Manuel D. Quinones and Peter W.R. Lemon
Hydrothermally modified non-genetically modified organisms corn starch (HMS) ingestion may enhance endurance exercise performance via sparing carbohydrate oxidation. To determine whether similar effects occur with high-intensity intermittent exercise, we investigated the effects of HMS ingestion prior to and at halftime on soccer skill performance and repeated sprint ability during the later stages of a simulated soccer match. In total, 11 male university varsity soccer players (height = 177.7 ± 6.8 cm, body mass = 77.3 ± 7.9 kg, age = 22 ± 3 years, body fat = 12.8 ± 4.9%, and maximal oxygen uptake = 57.1 ± 3.9 ml·kg BM−1·min−1) completed the match with HMS (8% carbohydrate containing a total of 0.7 g·kg BM−1·hr−1; 2.8 kcal·kg BM−1·hr−1) or isoenergetic dextrose.
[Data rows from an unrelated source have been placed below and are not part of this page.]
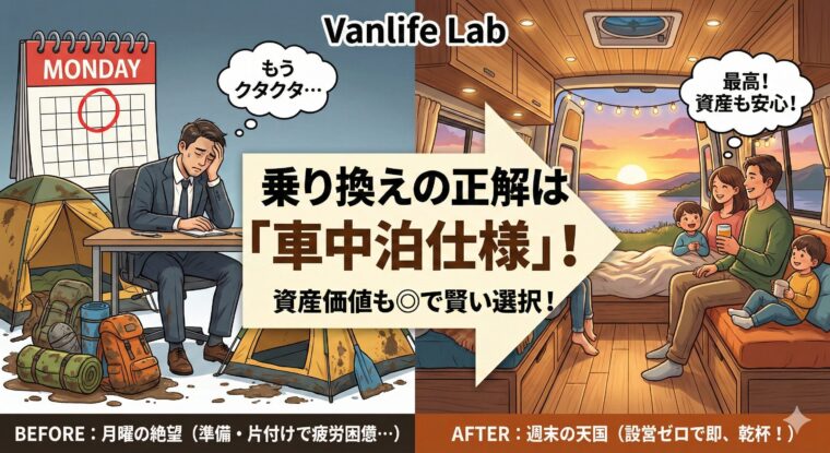 もしあなたが今、車の乗り換えを1ミリでも検討しているなら、普通のミニバンを選ぶ前に立ち止まってほしい。実は、「車中泊仕様の車」に乗り換えるだけで、あなたの週末と月曜日の体感は劇的に変わります。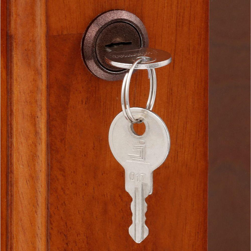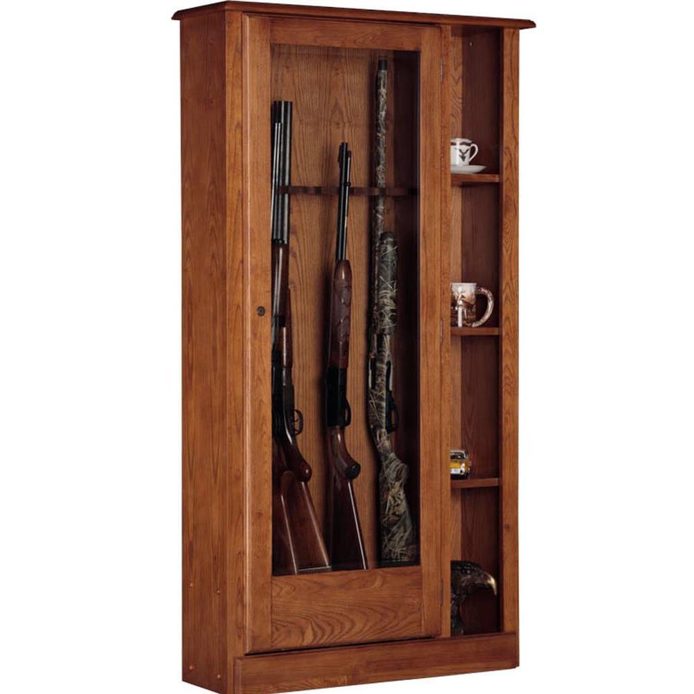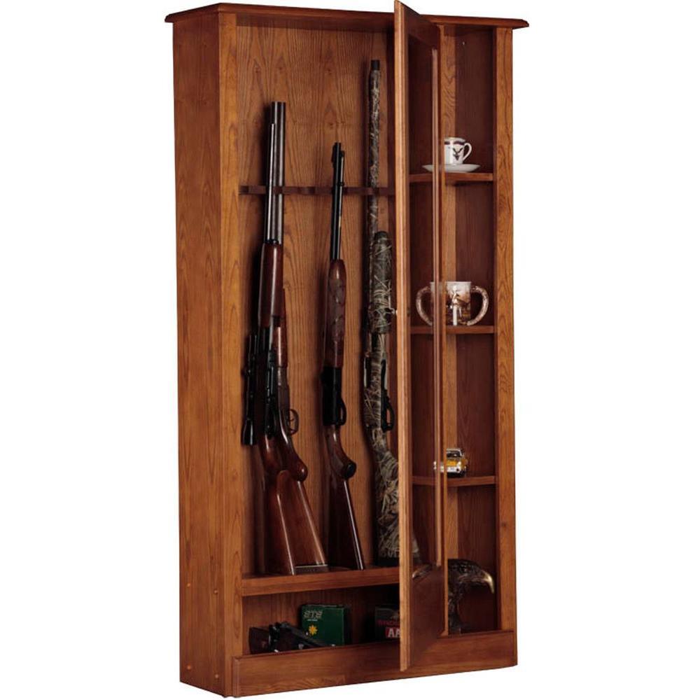 This 10-gun cabinet is made of rich medium brown finished hardwoods and wood veneers for long-lasting style. The cabinet provides a real touch of class you can add to your den or study. It is fully-locking so you can keep your collection secure at all times. The curio display includes 3 adjustable shelves and hidden storage is available behind the door.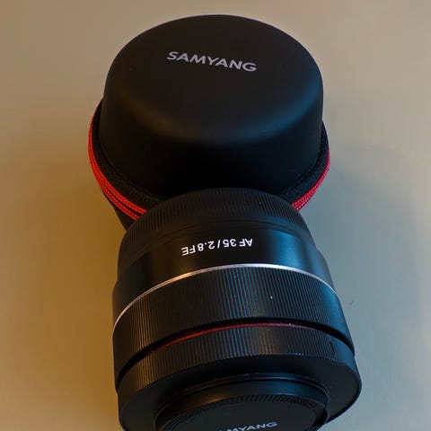 Selger Samyang AF 35mm f/1.8 for Sony FE-mount i svært god stand.

Blood glucose was lower (p < .001) with HMS at 15 min (5.3 vs. 7.7 mmol/L) and 30 min (5.6 vs. 8.3 mmol/L) following ingestion, there were no treatment differences in blood lactate, and the respiratory exchange ratio was lower with HMS at 15 min (0.84 vs. 0.86, p = .003); 30 min (0.83 vs. 0.85, p = .004); and 45 min (0.83 vs. 0.85, p = .007) of the first half. Repeated sprint performance was similar for both treatments (p > .05). Soccer dribbling time was slower with isoenergetic dextrose versus baseline (15.63 vs. 14.43 s, p < .05) but not so with HMS (15.04 vs. 14.43 s, p > .05). Furthermore, during the passing test, penalty time was reduced (4.27 vs. 7.73 s, p = .004) with HMS. During situations where glycogen availability is expected to become limiting, HMS ingestion prematch and at halftime could attenuate the decline in skill performance often seen late in contests.